**ABOUT THIS TASK:**
Once you find the line with "This paper reviews" in the data below, transcribe exactly each line from there to the line with "Ranking : AB", inclusive, and nothing else. Drop the pictures.

**THE DATA:**
# # # #
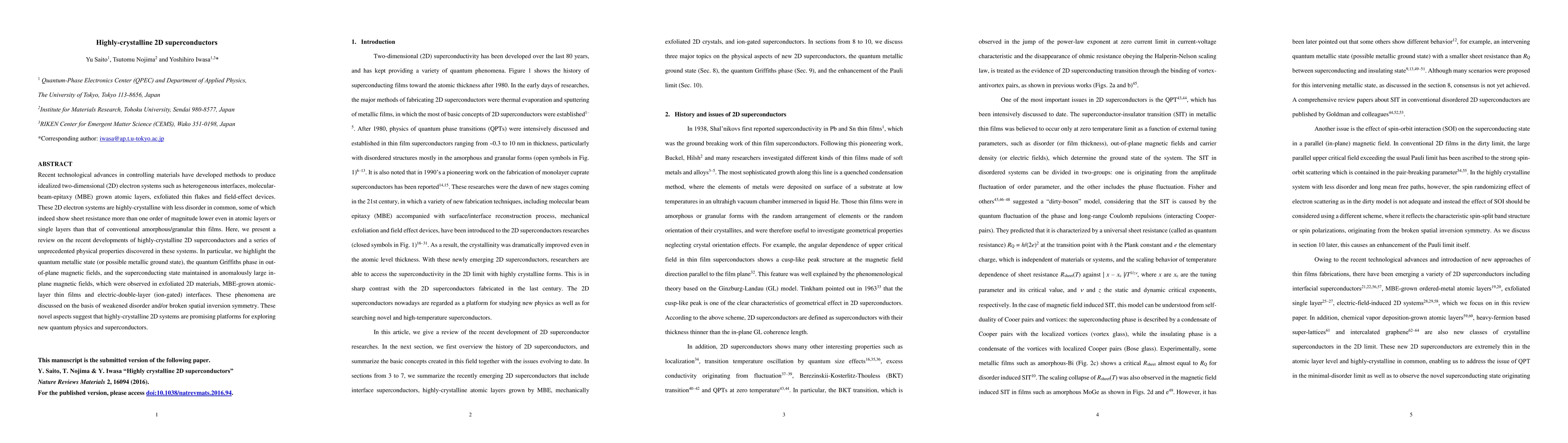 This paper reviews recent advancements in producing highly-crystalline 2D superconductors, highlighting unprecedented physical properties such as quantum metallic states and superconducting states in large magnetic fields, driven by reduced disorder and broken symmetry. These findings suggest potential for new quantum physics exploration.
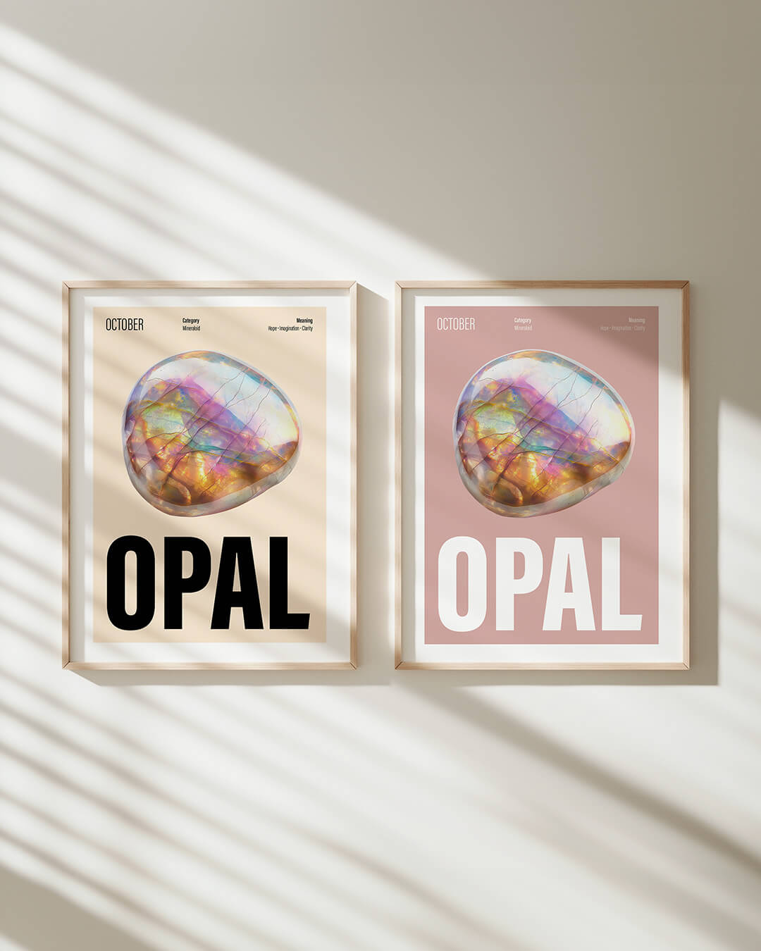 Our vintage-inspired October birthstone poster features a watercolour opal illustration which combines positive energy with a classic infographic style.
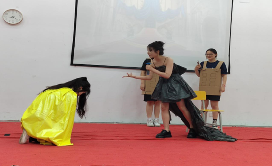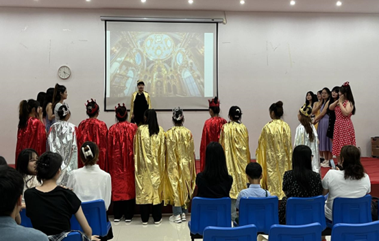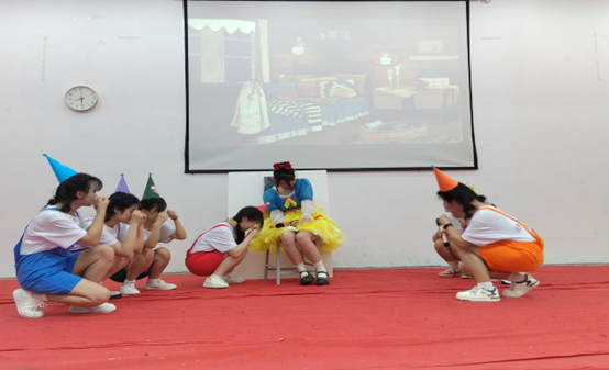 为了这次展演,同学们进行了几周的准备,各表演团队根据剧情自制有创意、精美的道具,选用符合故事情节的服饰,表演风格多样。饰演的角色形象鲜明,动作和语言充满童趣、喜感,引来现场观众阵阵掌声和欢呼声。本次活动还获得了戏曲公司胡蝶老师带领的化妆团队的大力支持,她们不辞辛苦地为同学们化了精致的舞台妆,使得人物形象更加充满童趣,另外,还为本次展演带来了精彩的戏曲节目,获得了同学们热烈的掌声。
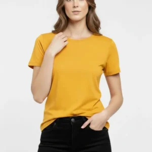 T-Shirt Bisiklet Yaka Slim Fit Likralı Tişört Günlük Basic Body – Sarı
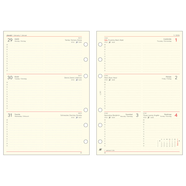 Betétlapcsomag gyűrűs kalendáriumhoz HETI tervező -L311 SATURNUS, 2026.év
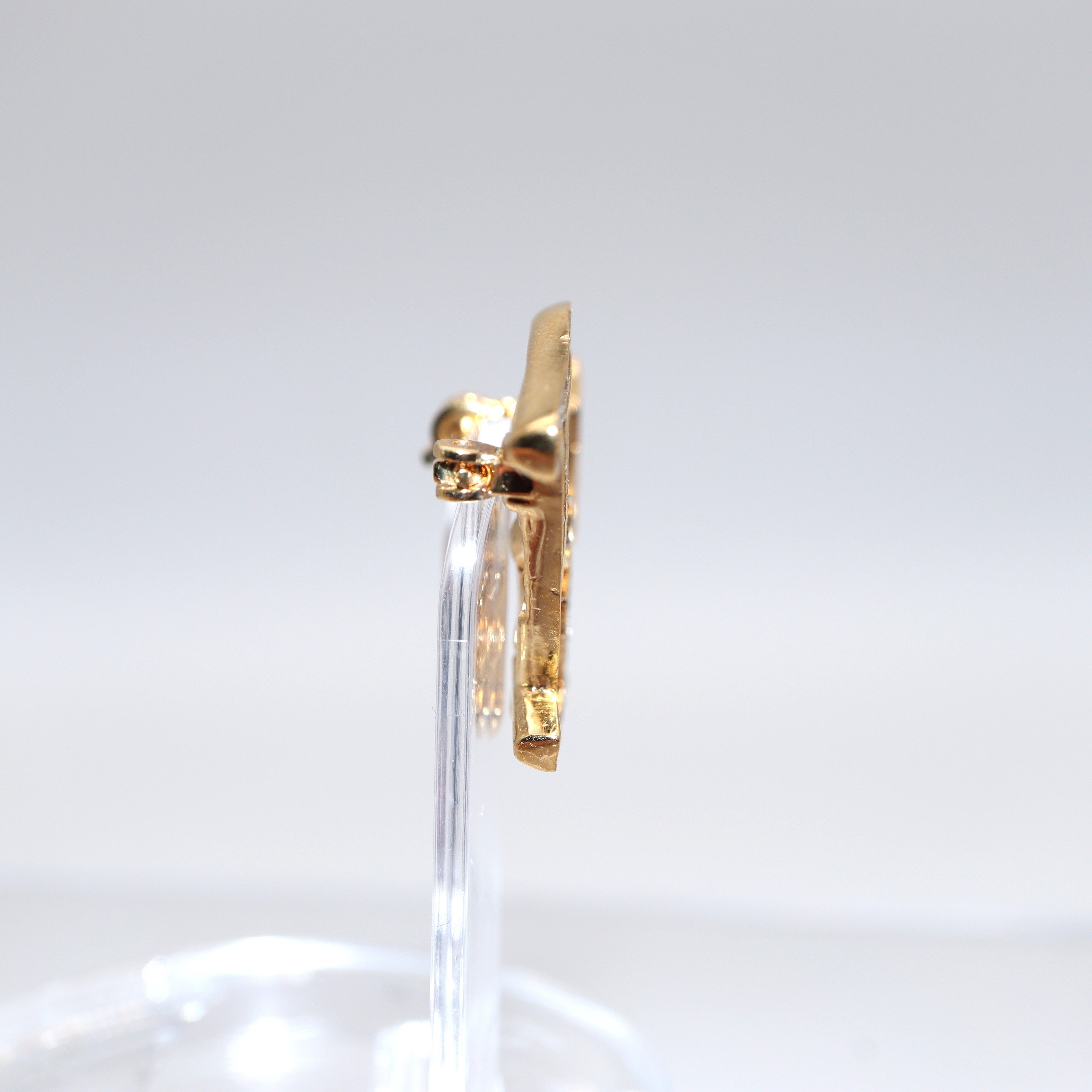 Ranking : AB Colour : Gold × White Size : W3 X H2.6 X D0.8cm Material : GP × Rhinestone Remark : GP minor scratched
# # # #
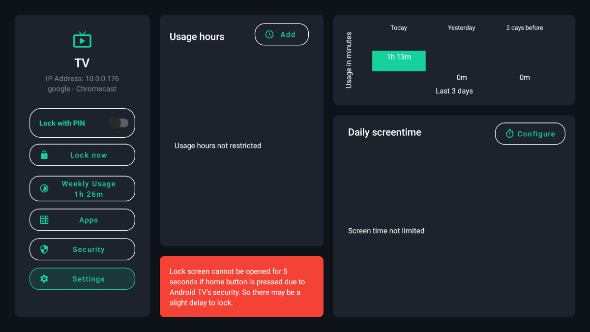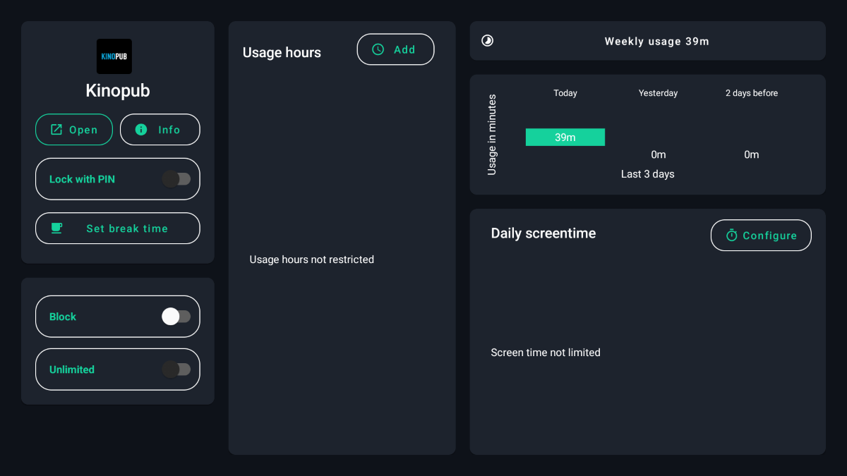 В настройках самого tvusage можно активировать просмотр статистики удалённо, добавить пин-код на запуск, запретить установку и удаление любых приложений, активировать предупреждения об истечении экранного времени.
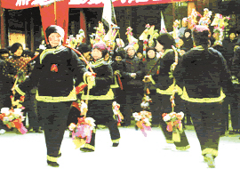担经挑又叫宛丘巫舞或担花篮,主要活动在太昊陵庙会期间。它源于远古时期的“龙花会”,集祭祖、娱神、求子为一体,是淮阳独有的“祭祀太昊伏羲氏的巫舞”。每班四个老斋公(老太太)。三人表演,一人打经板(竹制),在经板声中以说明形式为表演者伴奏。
# # # #
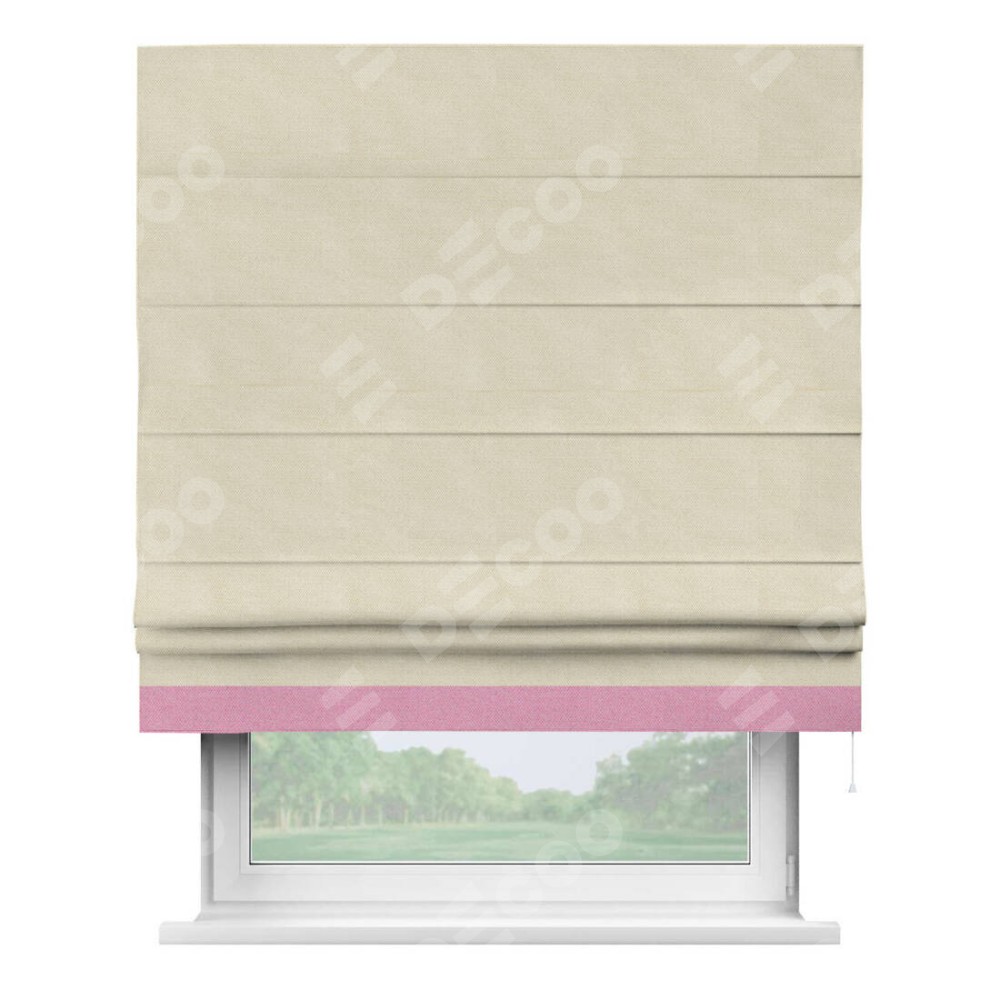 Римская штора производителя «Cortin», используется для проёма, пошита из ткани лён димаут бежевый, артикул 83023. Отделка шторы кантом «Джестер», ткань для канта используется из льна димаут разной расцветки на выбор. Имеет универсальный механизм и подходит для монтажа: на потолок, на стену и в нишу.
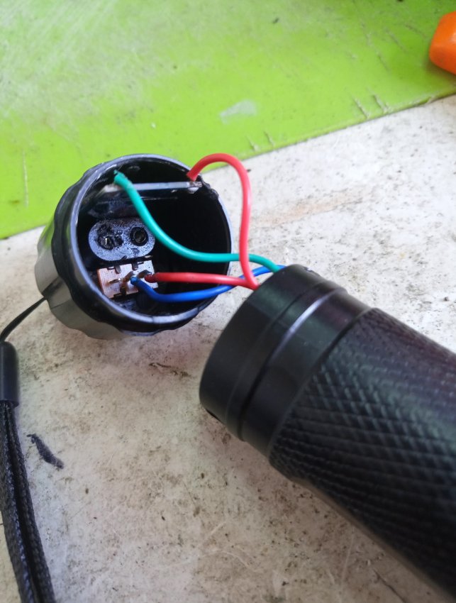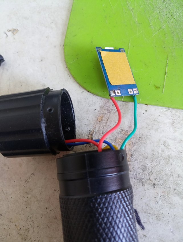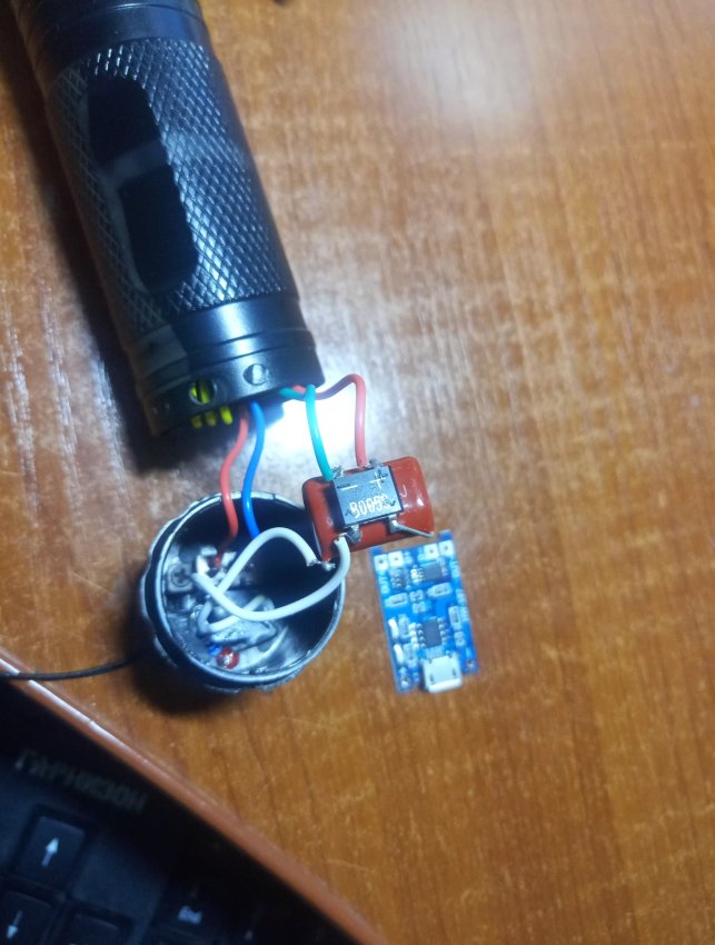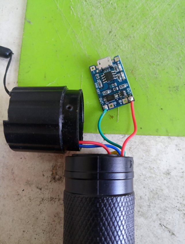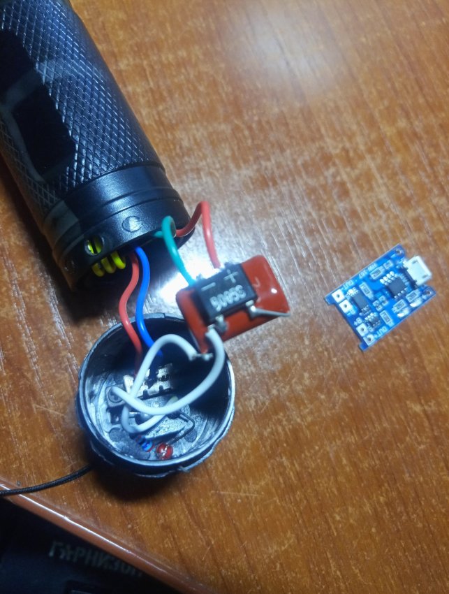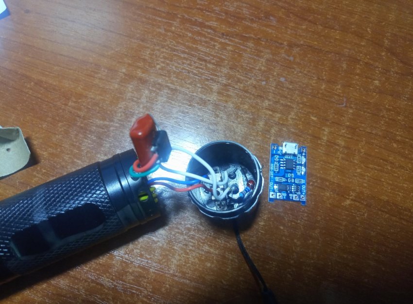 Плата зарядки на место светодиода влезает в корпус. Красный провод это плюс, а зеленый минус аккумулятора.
# # # #
**WRITTEN SOLUTION:**
 This paper reviews recent advancements in producing highly-crystalline 2D superconductors, highlighting unprecedented physical properties such as quantum metallic states and superconducting states in large magnetic fields, driven by reduced disorder and broken symmetry. These findings suggest potential for new quantum physics exploration.
 Our vintage-inspired October birthstone poster features a watercolour opal illustration which combines positive energy with a classic infographic style.
 为了这次展演,同学们进行了几周的准备,各表演团队根据剧情自制有创意、精美的道具,选用符合故事情节的服饰,表演风格多样。饰演的角色形象鲜明,动作和语言充满童趣、喜感,引来现场观众阵阵掌声和欢呼声。本次活动还获得了戏曲公司胡蝶老师带领的化妆团队的大力支持,她们不辞辛苦地为同学们化了精致的舞台妆,使得人物形象更加充满童趣,另外,还为本次展演带来了精彩的戏曲节目,获得了同学们热烈的掌声。
 T-Shirt Bisiklet Yaka Slim Fit Likralı Tişört Günlük Basic Body – Sarı
 Betétlapcsomag gyűrűs kalendáriumhoz HETI tervező -L311 SATURNUS, 2026.év
 Ranking : AB Colour : Gold × White Size : W3 X H2.6 X D0.8cm Material : GP × Rhinestone Remark : GP minor scratched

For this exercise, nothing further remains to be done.